On his 2012 honeymoon to Rome, Facebook founder Mark Zuckerberg took so many photos of the Roman Emperor Augustus’s sculptures that his wife joked it was like there were three people on the honeymoon. The couple even named their second daughter August.
Explaining his fascination for Rome’s first emperor, Zuckerberg recently told The New Yorker that “basically, through a really harsh approach, he established 200 years of world peace (…) What are the trade-offs in that? On the one hand, world peace is a long-term goal that people talk about today (but) that didn’t come for free, and he had to do certain things.”
Augustus has a long line of admirers who, down to this day, see him as a great statesman who brought peace to a Roman Republic long afflicted by civil wars. But what “certain things” did he do, and how admirable were they?
A prominent contemporary admirer of Augustus is Dr David Engels, a distinguished Belgian Professor of Roman history. He makes a chilling case for an authoritarian, conservative and imperial European New Order, inspired by Augustus who effectively converted the Roman Republic to a monarchy.
Dr Engels argues plebiscitary authoritarianism would be the best practicable solution to Europe’s current woes as he sees them – mass immigration, low national fertility rates, the decline of the family and traditional values, materialism, egoism, globalisation, insecurity, and a growing democratic deficit caused by spiralling inequality and technocratic tendencies.
This modern day appeal of Augustus is perhaps being echoed in the increasing attractiveness of strongman politics in a growing number of more or less democratic countries like the US, Russia, Turkey, Italy, Hungary, the Philippines, and now Brazil.

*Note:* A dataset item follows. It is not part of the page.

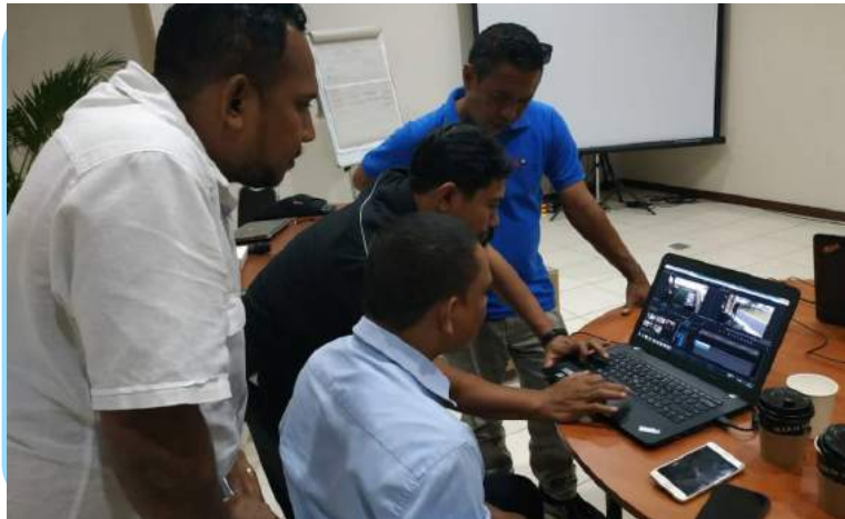
Fursionariu DEMEREP-GAGESI- FDCH na'in 3 tuir formasaun Multimedia iha Media Akademi (Metro TV).

But the idea of Augustus as one of history’s greatest statesmen warrants a closer look at his statecraft, particularly how he handled truth and the often bloody and cynical methods he used to establish an autocracy that would endure for centuries.
Augustus’ own autobiography, his Res Gestae, is a towering example of ‘alternative truth’. It’s a boastful retrospective, but the other extant evidence suggests that this masterly piece of propaganda closely reproduces the artful and deceiving politics that he adopted after his grand uncle, the dictator Julius Caesar, was stabbed to death in the Senate in 44 BCE.
In the very first chapter, Augustus boldly claims that, roughly one year after Caesar’s assassination, he raised a private army at the age of 19 “to restore liberty to the Republic when it was oppressed by the tyranny of a faction”.
CYNICISM AND RUTHLESSNESS
Hammering home his point Augustus goes on to assert that, “when I had extinguished the flames of civil war, being in absolute control of affairs by universal consent, I transferred the Republic from my own control to the will of the Senate and the Roman people”.
The reality, however, couldn’t have been more different.
Apart from the fact that it was a criminal offence under Roman law to raise private militias for factional subversion of the state, he didn’t come out of the blue as a selfless saviour in that fateful spring of 44 BCE.
Augustus, or Octavius as he was then known, was already poised to be second-in-command in Caesar’s New Order. Styling himself as the Young Caesar, he made a brazen bid to reclaim rank and stature by ruthlessly rekindling the flames of civil war, shattering the compromise peace made between Mark Antony, Caesar’s foremost lieutenant, and Caesar’s leading assassins Brutus and Cassius.
His claims that he took control by universal consent and subsequently restored the traditional republican polity after his military victory over Antony and Cleopatra in 30 BCE are both equally mendacious.
Augustus repeatedly conducted murderous as well as bloodless purges of the aristocracy from November 43 through to 29 BCE, repressing all political opposition. Late in 43, he and his then allies, Mark Antony and Lepidus, ruthlessly proscribed (condemned) over 300 senators and 2,000 equestrians (the lower aristocracy and business elite). Many were hunted down and butchered in plain view, including the great orator and republican Marcus Cicero.
In 28 BCE, after his final civil war victories and shortly before his much vaunted ‘restoration’ of the Republic, he removed another 40 per cent of the Senate, reducing their numbers to 600.
In 27 BCE when he finally laid down his official emergency powers – powers he had alleged were needed to confront real or imaginary crises he and his henchmen had engineered – a compliant Senate promptly reinvested him with a vast, ten year military command.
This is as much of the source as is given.